Perjalanan kami lanjutkan ke Ihlara Valley, ini adalah tempat favorit saya di Cappadocia, like a paradise *lebay. Sebuah lembah yang sangat indah dikelilingi oleh tebing tinggi, ada sungai mengalir di sebelah jalan setapak yang kami lewati, pepohonan yang masih dalam kondisi meranggas karna musim dingin, suara burung yang bersahutan, pokoknya peaceful banget lah ini tempat. Di sini tidak ada orang lokal yang tinggal, jadi memang khusus buat wisata saja. Musim terbaik untuk ke sini adalah musim panas karna didominasi oleh warna hijau pepohonan dan bunga-bunga. Saat kami ke sana meski sudah masuk musim semi tapi masih banyak pohon yang belum hijau kembali karna suhunya masih dingin. Nah, gak enaknya ikut tour adalah harus serba cepat, jadi ya sayang aja pemandangan sebagus ini hanya bisa dinikmatin sebentar aja.







Selime Monastery, komplek gereja, chapel, katedral, dan sekolah buat para calon pastur. Cappadocia ini menarik, dulu tempat ini dihuni oleh orang2 Yunani yang memeluk agama Kristen, tapi sejak Turki menjadi Republik ada kesepakatan antara pemerintah Yunani dan Turki untuk tukar penduduk. Penduduk Yunani yang ada di Turki pindah ke Yunani, begitu juga sebaliknya. Karena itulah semua tempat ibadah yang ada di Cappadocia ini sudah tidak lagi digunakan, tapi tetap dijaga dan dipelihara dengan baik untuk kepentingan wisata. Bukan hanya tempat ibadah, tempat tinggal penduduk yang ada di gua batu pun hampir semua sudah berubah jadi hotel.







Terakhir kami ke Pigeon Valley, kirain ada apa, ternyata kami hanya melihat dari atas sebuah lembah dibawah kami. Kenapa namanya Pigeon? Karena di sini banyak burung dara, gak sampe 30 menit juga kami di sini. Setelahnya dibawa ke tempat oleh2 Turkish Delight, sama toko perhiasan khas dari Cappadocia. Yah namanya juga ikut tur ya, pasti lah diajak ke tempat beli oleh2. Tentu lebih enak ke tempat2 ini sendiri, tapi sayangnya tidak ada transportasi umum menuju tempat ini, jadi pilihannya ya rental mobil sendiri, hitchhiking, atau jalan kaki. Lah tapi kalau jalan kaki baru sampe esok harinya kali ya, karna jarak Goreme-Ihlara Valley itu sejauh 83 km, kalau naik mobil 1 jam-an lah, sedangkan ke Derinkuyu itu jaraknya 37 km. Jadi bisa dibilang buat solo traveler, atau yang cuma berdua, paling pas ya ikut tour lah, dapet makan siang gratis pula.

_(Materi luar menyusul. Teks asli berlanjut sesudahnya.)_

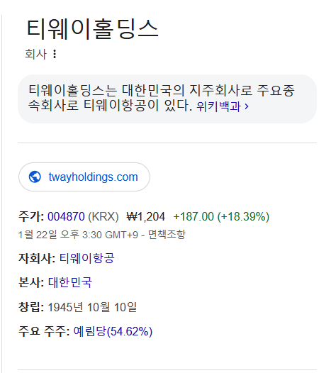 따라 티웨이항공과 아주 밀접한 관계가 있고, 모회사인데요. 이러한 이유로 인해서 주식 시장에서는 티웨이항공 테마주로 분류가 되고 있죠.
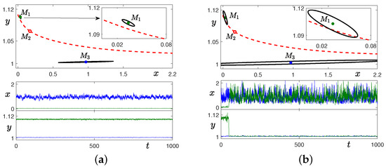 Now, we consider stochastic system (3) with , in the bistable parameter region where the initial deterministic model exhibits a coexistence of two stable equilibria and (see Figure 3a). Figure 6a shows the x- and y-coordinates of the random states of the stochastic solutions starting at (green) and (blue) versus noise intensity for . First, as the noise increases, the dispersion of random states around both equilibria increases as well. For noise intensity , solutions starting at (green) demonstrate transitions to . In Figure 6b, these transitions are shown in terms of the mean values of the stochastic states. For noise intensity , the two mean values differ, but with further increases in , the mean values of the random states of the stochastic solutions starting at (green) rapidly increase and merge with the mean values for (blue). After this merging, both mean values slowly decrease. It is worth noting that in this case, only one-way noise-induced transitions are observed.
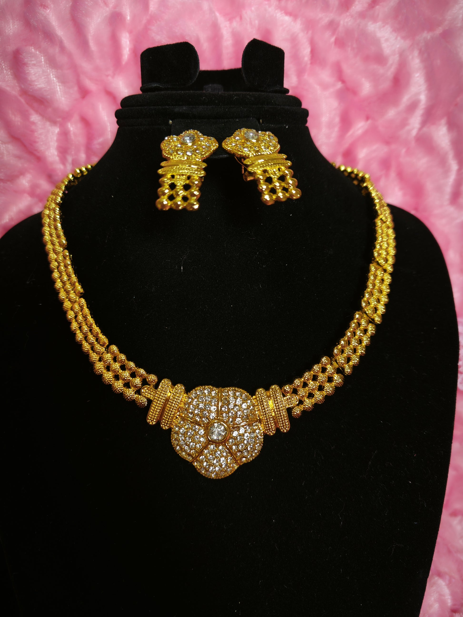 It adopts the Middle Eastern heavy industry gilded jewelry set design (three-dimensional and complicated lines with a Middle Eastern luxurious sense), highlighted by "filigree twisting base + white diamond pave setting main ornament". The combination of "gilded warm yellow metal luster + white diamond bright flash color contrast" creates a "Middle Eastern heavy industry + exotic luxurious style" with delicate filigree twisting texture and full gilded color. The four-piece set of necklace + bracelet + earrings + ring has a "grand ritual sense filter", and the shape is suitable for grand Middle Eastern weddings, high-end cultural celebrations, luxury theme banquets and other luxurious style scenarios, making it the "luxurious core" of the outfit.
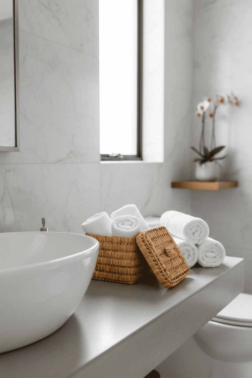 Natural storage box with lid for elegant home organization. Eco-friendly . Perfect for bathroom or bedroom decor.
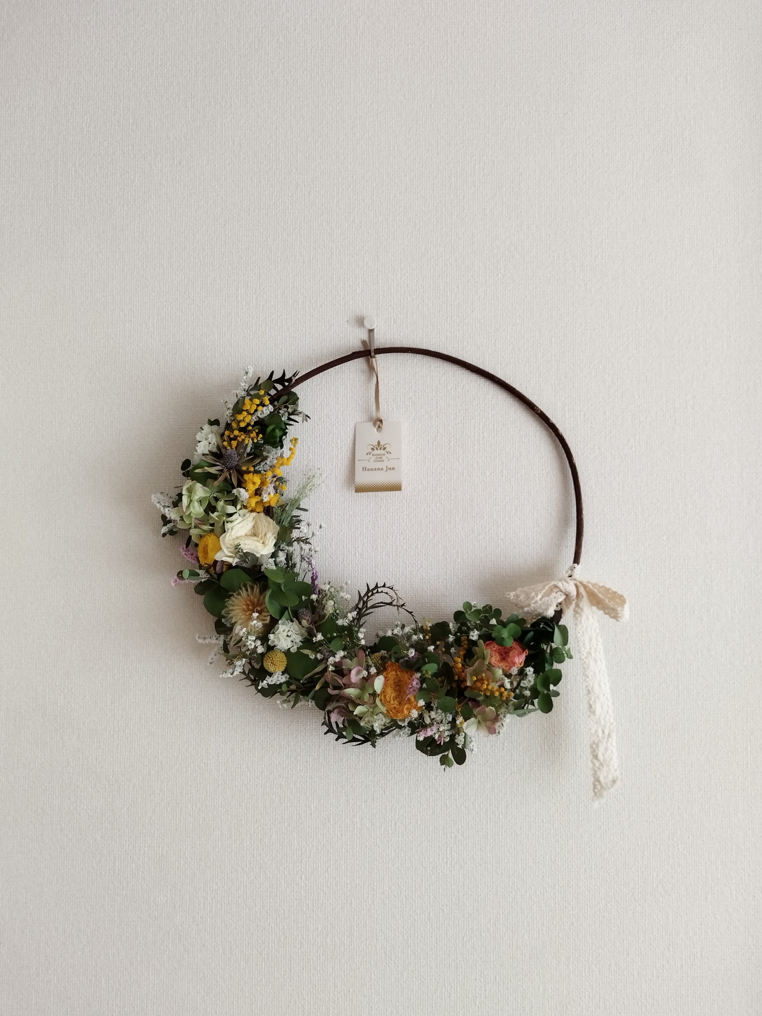 花籠みたいなリースが出来上がりました。バラ、ラナンキュラス、カスミソウ、リモニューム、スターチス、アジサイ、ミモザに、ドライフラワーならてはの、クラスペディア、リューカデンドロン、スモークグラスなどをユーカリやグレビレアアイバンホーとまとめました。

Green tour ini dari jam 9.30 sampai jam 6 sore, setelahnya kita bisa hunting sunset sendiri, karna sunset saat kami disini sekitar jam 7.50-an malam. Sunset yang saya lihat saat itu adalah salah 1 sunset paling keren. Dari atas bukit kami melihat berbagai rumah batu yang menjulang dengan berbagai bentuknya yang eksotis, dan matahari yang terbenam di balik bukit di depan kami sukses membuat siluet yang sempurna.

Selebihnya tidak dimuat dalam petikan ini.